■ **WORK TASK**
Could you restate word for word only the lines below from the one holding "Years calm Terry" to the one holding "A parcel of", inclusive, and leave out the pictures?

■ **DATA FOR THE TASK**
▶

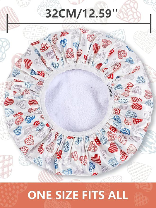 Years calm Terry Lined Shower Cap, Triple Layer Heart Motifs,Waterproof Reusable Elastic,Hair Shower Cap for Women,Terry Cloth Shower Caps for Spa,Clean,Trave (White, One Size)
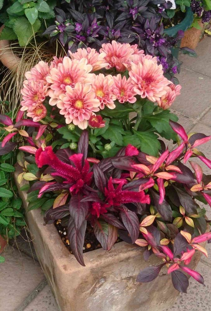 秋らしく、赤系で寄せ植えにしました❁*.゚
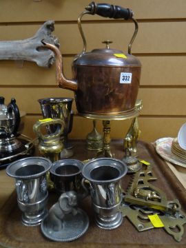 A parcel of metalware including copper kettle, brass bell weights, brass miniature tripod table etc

◀
▶

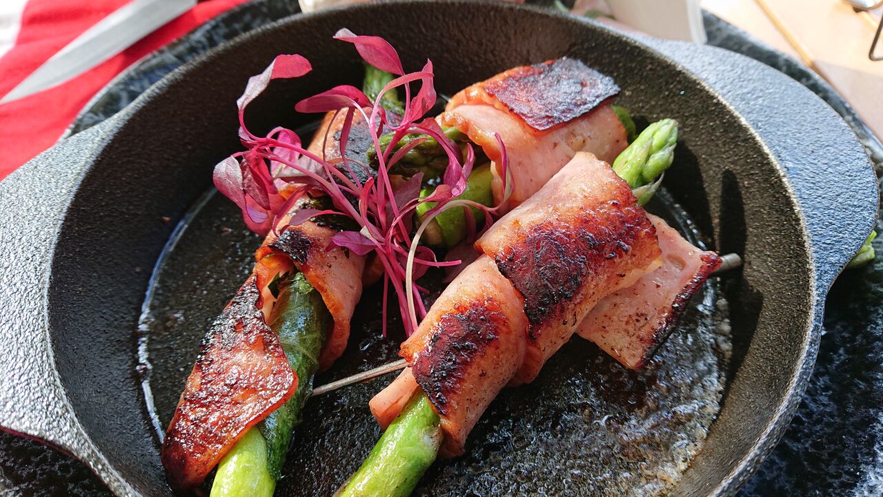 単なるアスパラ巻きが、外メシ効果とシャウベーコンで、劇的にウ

◀

■ **SOLVED EXERCISE**
 Years calm Terry Lined Shower Cap, Triple Layer Heart Motifs,Waterproof Reusable Elastic,Hair Shower Cap for Women,Terry Cloth Shower Caps for Spa,Clean,Trave (White, One Size)
 秋らしく、赤系で寄せ植えにしました❁*.゚
 A parcel of metalware including copper kettle, brass bell weights, brass miniature tripod table etc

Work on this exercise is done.